Do you want to know the first time I felt like a father? It wasn’t when I bought that knife, or felt him kick, or even when I saw him in his first ultrasound. It happened over a year ago, before Paint was pregnant the first time. I was still on the fence about having a child. I was scared that it would break our relationship. There aren’t a lot of husbands and wives in the media that have children and still seem to like
each other. There certainly aren’t any that love each other the way Paint and I do.

Knowing that, I’ve always felt like maybe the rules were somehow… different for us. Yes, everything about who we are and how we interact works amazingly well, but what if there’s a catch? What if there’s a hidden self destruct button that could bring this relationship we’ve spent years constructing crashing down around
us?

I got it in my head that if that button exists, it will almost certainly be a child that pushes it. You don’t have to look hard to find couples that are worse off because of having children. People have kids, and suddenly their marriage isn’t what it used to be. They have less time for one another. They have less interest in one another. They have less patience with one another. And then it’s only a matter of time. Our
decision to not have kids was an easy one to make because Paint was everything and all I needed.

When I shared my thoughts with Paint, she told me that adding a child to our lives didn’t mean there would be less love to go around; there would be more.

I fell asleep thinking about her words. When I opened my eyes, I was in a darkened room. In the center was a blanket with a sleeping infant lying on it. Even as I approached, I knew the truth: It was my son. It was the first time I had ever been able to see him as more than an abstract concept. He had a form. He had a face. I sat beside him and laid my palm on his back. I watched it rise and fall with his breath and felt something I had never felt before.

He was mine. But more than that. He was also a piece of me and I loved him so much. In that moment, I wanted everything for him. I wanted to give him the entire world. I wanted him to have every opportunity. I wanted him to be exactly who he was supposed to be– nothing more and nothing less.

My hope became tangible. I closed my eyes and envisioned it flowing from me, pouring over my hand and onto him like a second skin. I wanted it to make him indestructible. I wanted it to make him fly.
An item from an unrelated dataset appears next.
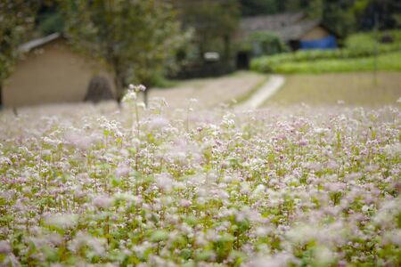Field of buckwheat flowers at Ha Giang, Viet Nam. Ha Giang is famous for Dong Van karst plateau global geological park.
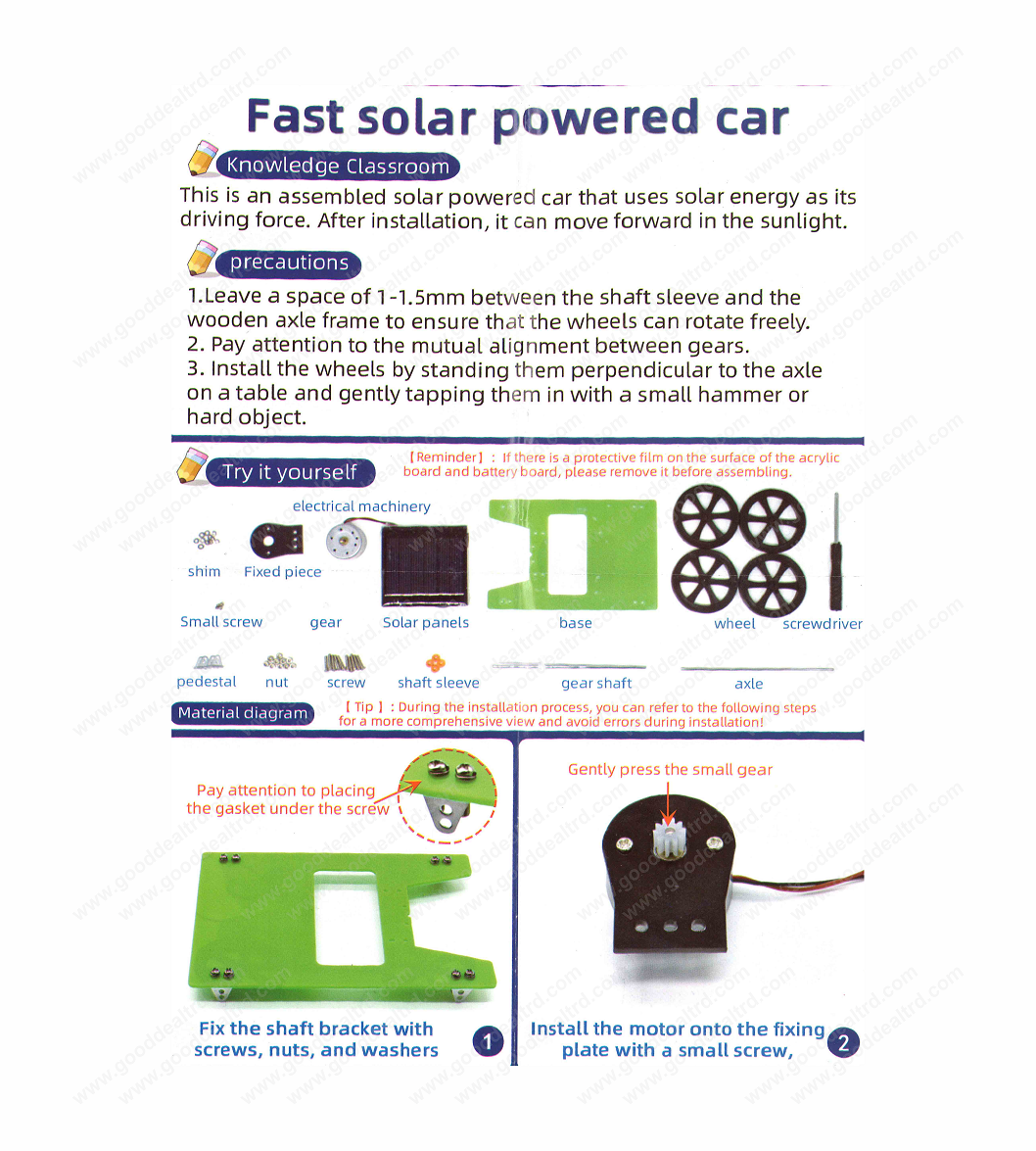 DIY Assembly Kit: Includes all necessary components—solar panel, motor, base plate, gears, wheels, shaft sleeve, and screws—allowing children to build the car themselves and gain a sense of accomplishment.

In the end, I settled for wrapping my arms around him and hoping that I would be enough.

My eyes snapped open. I could still smell him, lingering somewhere in my subconscious. I realized what I had just experienced wasn’t so much a dream as it was a vision of the future. It was a foregone conclusion: I was already a father.
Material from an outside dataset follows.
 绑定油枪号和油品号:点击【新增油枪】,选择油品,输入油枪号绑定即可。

Paint wasn’t pregnant yet, but I knew that I had been chosen. From somewhere Out There, I had been seen and selected.

That’s why the miscarriage had been so devastating. But, ironically, on this side of things that’s why it feels like a non-event. We believe that the soul that chose us then, is the same soul that resides in Paint’s belly. It just needed more time. That’s okay. Pregnancy has taught Paint and I how to wait.
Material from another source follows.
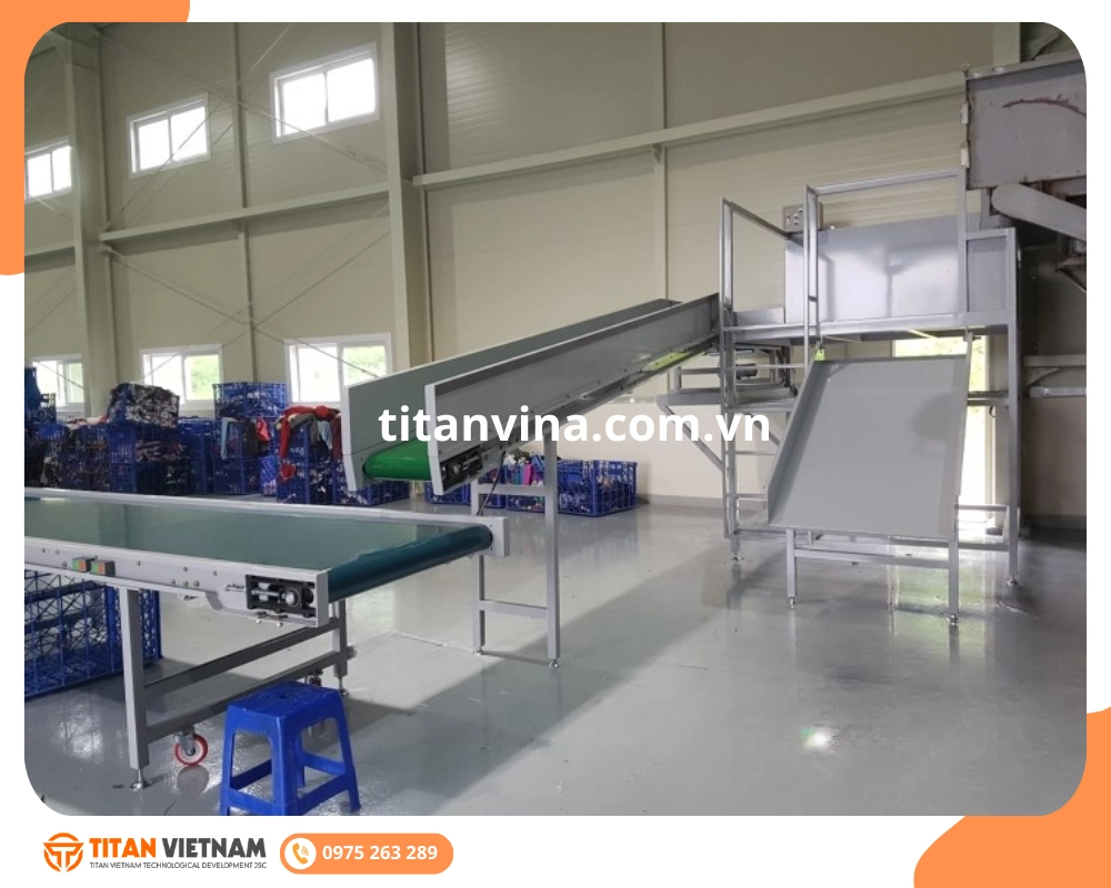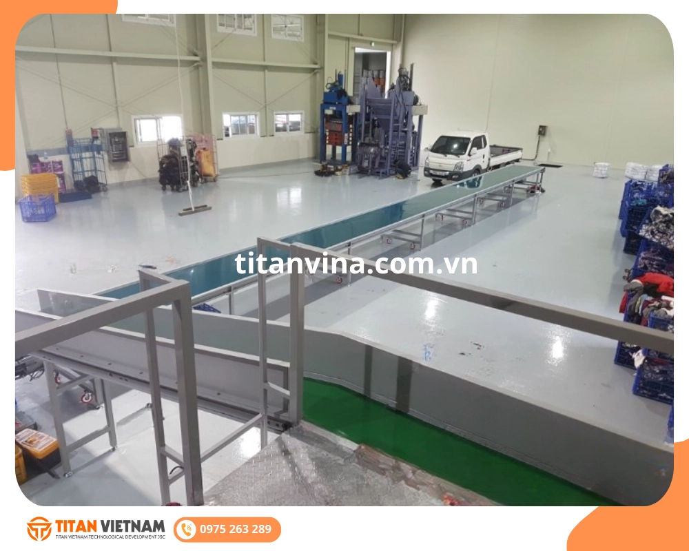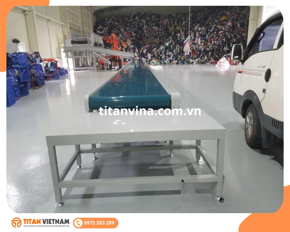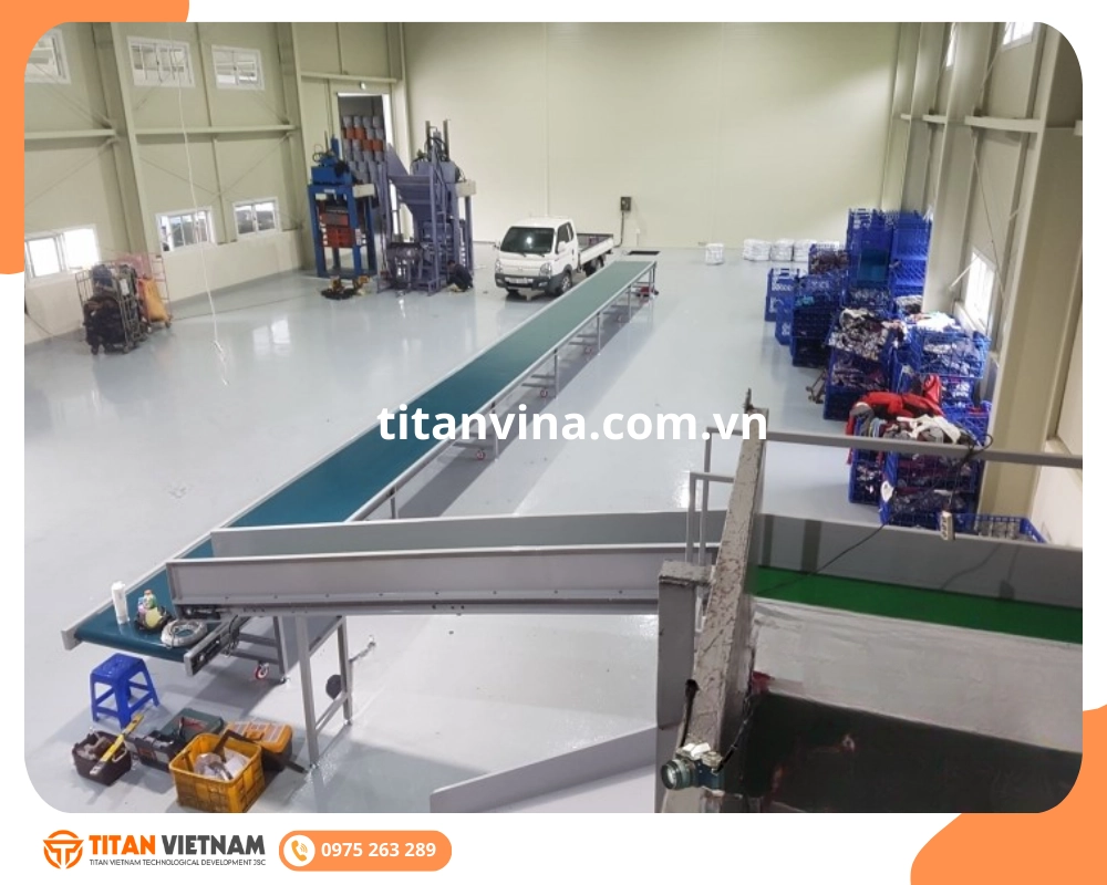 Băng tải hoạt động ổn định, ít tiếng ồn, phù hợp với môi trường làm việc trong nhà máy may mặc.

We waited for the heartache to subside.
We waited to try again.
We waited for her to become pregnant.
We waited for it to stick.
We waited for him to hit the “safe zone”.
We waited for him to get big and strong.
And now? Right now, we’re waiting for him to decide he’s ready to join us out here.

Every step has felt like the hardest part. This one is no different. It’s important to us to do this whole thing naturally, so we’re working on his time table, not ours. It could be hours. It could be weeks. Right now, in this final phase of cessation, I’m not scared. I’m not worried. From skin to skeleton, all I feel is gratitude that the universe saw it fit to pair me with this woman and this boy. I’m so excited to see what we can create together.